Confidencialmente, 1.697 pares de gêmeas responderam com que freqüência chegavam ao orgasmo, tanto em relações sexuais quanto na masturbação. O grupo de voluntárias foi dividido entre gêmeas idênticas que apresentam os mesmos determinantes genéticos (univitelinas ou monozigóticas) e gêmeas com bagagens genéticas diferentes (fraternas ou dizigóticas).

Comparando os questionários preenchidos, foi detectada uma maior porcentagem de respostas coincidentes entre as irmãs idênticas do que entre as gêmeas fraternas. Partindo do princípio de que cada par de irmãs participante – independentemente de elas serem idênticas ou não – foi criado nas mesmas condições ambientais, familiares e culturais, concluiu-se que a maior distinção entre as respostas das dizigóticas seria decorrente das diferenças em seus genes.

Ao calcular a diferença entre a porcentagem de respostas semelhantes das gêmeas dizigóticas e a das monozigóticas, os pesquisadores chegaram a um grau de “herdabilidade” igual a 34% para relações sexuais e a 45% para a masturbação. Esses números significariam o nível de participação da variação genética na diferença da capacidade das mulheres obterem o orgasmo.

No entanto, essa influência estatística, além de considerada baixa (menos de 50% em ambos os casos), pode sofrer distorções em função da amostra utilizada. A característica também pode não ser determinada por genes específicos, mas pela combinação de vários genes, sendo que, para determinar isso, seria preciso um mapeamento muito detalhado, algo distante da realidade, sobretudo quando se trata de uma característica tão difícil de padronizar como o orgasmo. “A estimativa de ’herdabilidade’ de características físicas é muito importante em organismos de interesse econômico – animais com destino à alimentação, por exemplo –, para justificar um programa de melhoramento genético”, esclarece Mônica Bucciarelli Rodriguez, bióloga da Universidade Federal de Minas Gerais. “Características humanas como o orgasmo feminino são muito mais complexas.”

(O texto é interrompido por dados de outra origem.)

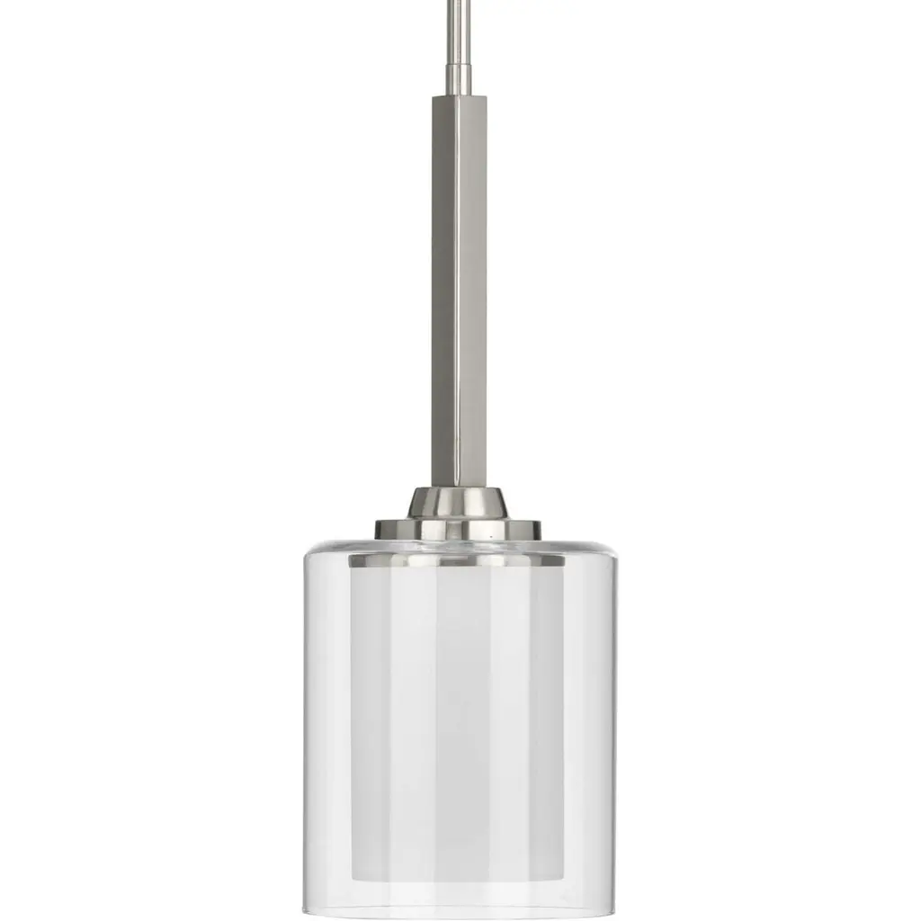Clear glass cylindrical shade rests on opal acrylic diffuser globe. Brushed plated finishes or satin coating. Down light. Custom options available.

Durante séculos considerado como tabu em nossa cultura, o orgasmo feminino começou a ser objeto de interesse científico apenas na década de 1960, quando se especulou que ele teria alguma função na fecundação. “Como o orgasmo dos homens tem um claro papel reprodutivo, a impotência masculina é muito mais estudada do que a disfunção sexual feminina”, explica Tim Spector, coordenador da pesquisa. Até hoje o assunto oculta muitos mistérios. O estudo realizado em Londres é somente uma tentativa válida de desvendá-los.